5. The system of claim 3, wherein the loss function is:

wherein p is_data(x, y) denotes the true sample distribution, p_noise(x) For random noise distribution, N_DAnd N_QThe number of pixels in the original image and the generated image feature space. G (x) represents a generator function,d (x) represents the discriminator function, with the following parameters:

λ＝1；μ＝100。

6. the system of claim 1, wherein the face detection module uses a resnet18 model to frame the face, the resnet18 model is a convolutional neural network consisting of 4 residual blocks, each residual block has 3 × 3 convolutional layers and 1 convolutional layer with 1 × 1 identity mapping, and the first 7 × 7 convolutional layer and the last full-connected layer have 18 layers, the model optimization uses Adam method, the cross entropy loss used by the loss function is calculated by inputting the trained network resnet18 model to a 64 × 64 face, and a rectangular frame with size of 224 × 224 is slid from left to right and from top to bottom on the scaled picture to calculate the probability of the face existing at each position; and finally, removing redundant frames and reserving a best frame by using a non-maximum value inhibition method for at least one face frame obtained.

7. The system of claim 1, wherein the face keypoint detection module uses two cascaded CNNs for keypoint detection, the face keypoints are divided into internal keypoints and contour keypoints, the internal keypoints use four levels of cascaded networks, wherein a first level of the networks obtains bounding boxes of facial organs; the output of the secondary network is the predicted position of the internal key point; the three-level network carries out positioning from coarse to fine according to different organs; the input of the four-level network is to rotate the output of the three-level network and finally output the position of the internal key point; detecting the outline key points by adopting two levels of cascade networks, wherein a first level network obtains a boundary frame of the outline; predicting the position of a key point of the contour by a secondary network; and superposing the outputs of the two cascaded CNNs to obtain the output, and performing similarity transformation according to the positioned key points to obtain the aligned human face picture.

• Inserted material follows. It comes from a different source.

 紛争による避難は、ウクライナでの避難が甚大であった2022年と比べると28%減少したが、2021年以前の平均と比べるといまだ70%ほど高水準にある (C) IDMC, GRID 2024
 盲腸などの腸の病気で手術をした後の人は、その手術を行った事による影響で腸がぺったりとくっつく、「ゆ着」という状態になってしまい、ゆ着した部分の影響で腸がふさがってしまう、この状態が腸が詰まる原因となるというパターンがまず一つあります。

8. The system of claim 1, wherein the feature extraction module uses a PCA method to find a projection feature space, performs projection calculation, and calculates the feature coefficients of the human face: and reading the picture matrix of each face in the database, taking the picture matrix from the first column of the picture matrix, sequentially taking the picture matrix to the last column, and connecting the columns end to form a dimensional column vector. Each human face image is expressed into a column vector, the column vectors are spliced and transposed to form a human face sample matrix, the covariance of the human face sample matrix, the eigenvalue and the mutually orthogonal eigenvector corresponding to the eigenvalue are solved, and the corresponding eigenvector forms an orthogonal matrix, namely a human face projection space, according to the descending order of the eigenvalue.

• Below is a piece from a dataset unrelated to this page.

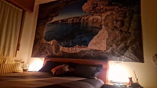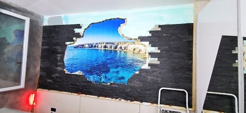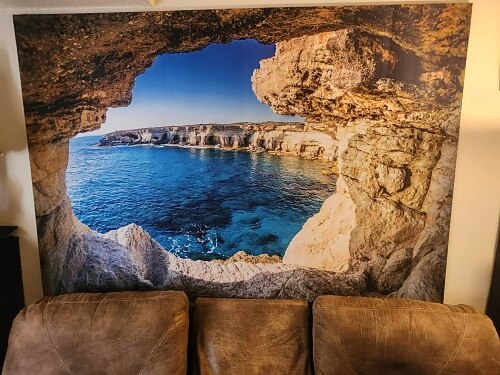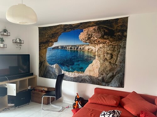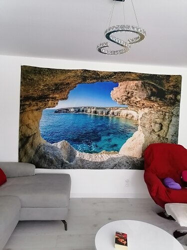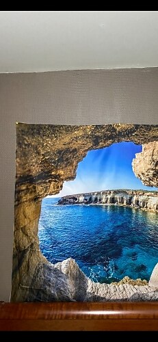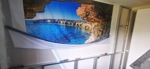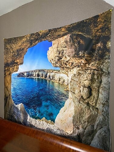 Toile conforme. La taille est correcte. Le dessin est joliment imprimé et cela rend bien. J’ai l’impression d’avoir une chambre dans une grotte qui donne sur la mer. Je vous conseille la repasser avant pour effacer les plis. C’est livré avec deux accroches. Personnellement j’ai utilisé des punaises. Toile conforme. La taille est correcte. Le dessin est joliment imprimé et cela rend bien. J’ai l’impression d’avoir une chambre dans une grotte qui donne sur la mer. Je vous conseille la repasser avant pour effacer les plis. C’est livré avec deux accroches. Personnellement j’ai utilisé des punaises.

9. The system of claim 8, wherein the module for determining face similarity comprises calculating euclidean distances between the face collected in real time and feature coefficients of the faces in the database, setting a threshold, and determining whether two faces belong to the same person: and performing projection calculation through a K-L conversion mode to obtain a projection characteristic coefficient of a sample in a face projection space in the database, similarly, calculating the projection characteristic coefficient of the face output by the face detection module, respectively calculating Euclidean distances between the projection characteristic coefficient and each face in the sample in the database, and judging the similarity between the face detected in real time and the face in the database according to the calculated Euclidean distances.

10. The system of claim 9, wherein during the training phase, the faces in the database are real faces corresponding to the input sketch.